AUTHOR=Li Guiqiang , Zhao Runhan , Xie Zhou , Qu Xiao , Duan Yingtao , Zhu Yafei , Liang Hao , Tang Dagang , Li Zefang , He Weiyang TITLE=Mining bone metastasis related key genes of prostate cancer from the STING pathway based on machine learning JOURNAL=Frontiers in Medicine VOLUME=11 YEAR=2024 URL=https://www.frontiersin.org/journals/medicine/articles/10.3389/fmed.2024.1372495 DOI=10.3389/fmed.2024.1372495 ISSN=2296-858X ABSTRACT=Background

Prostate cancer (PCa) is the second most prevalent malignant tumor in male, and bone metastasis occurs in about 70% of patients with advanced disease. The STING pathway, an innate immune signaling mechanism, has been shown to play a key role in tumorigenesis, metastasis, and cancerous bone pain. Hence, exploring regulatory mechanism of STING in PCa bone metastasis will bring novel opportunities for treating PCa bone metastasis.

Methods

First, key genes were screened from STING-related genes (SRGs) based on random forest algorithm and their predictive performance was evaluated. Subsequently, a comprehensive analysis of key genes was performed to explore their roles in prostate carcinogenesis, metastasis and tumor immunity. Next, cellular experiments were performed to verify the role of RELA in proliferation and migration in PCa cells, meanwhile, based on immunohistochemistry, we verified the difference of RELA expression between PCa primary foci and bone metastasis. Finally, based on the key genes to construct an accurate and reliable nomogram, and mined targeting drugs of key genes.

Results

In this study, three key genes for bone metastasis were mined from SRGs based on the random forest algorithm. Evaluation analysis showed that the key genes had excellent prediction performance, and it also showed that the key genes played a key role in carcinogenesis, metastasis and tumor immunity in PCa by comprehensive analysis. In addition, cellular experiments and immunohistochemistry confirmed that overexpression of RELA significantly inhibited the proliferation and migration of PCa cells, and RELA was significantly low-expression in bone metastasis.
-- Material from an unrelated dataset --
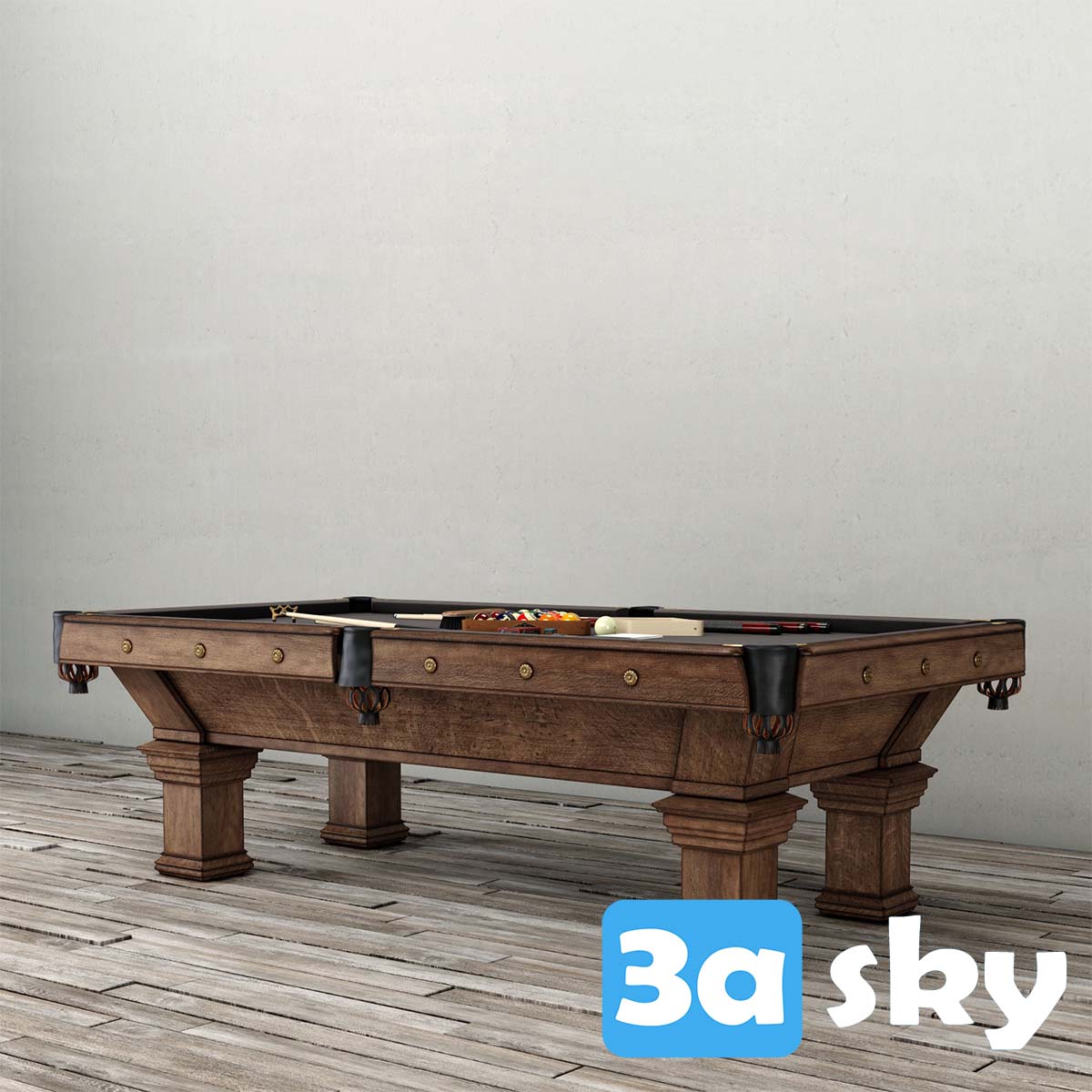 This 3D model showcases a vintage billiards table, ideal for interior decoration projects. The intricate details and design elements make it a perfect addition to any virtual interior design project. Created using 3DS MAX software, this model offers a realistic representation of a classic billiards table, suitable for various design and visualization purposes.

Finally, the constructed nomogram showed excellent predictive performance in Receiver Operating Characteristic (ROC, AUC = 0.99) curve, calibration curve, and Decision Curve Analysis (DCA) curve; and the targeted drugs showed good molecular docking effects.

Conclusion

In sum, this study not only provides a new theoretical basis for the mechanism of PCa bone metastasis, but also provides novel therapeutic targets and novel diagnostic tools for advanced PCa treatment.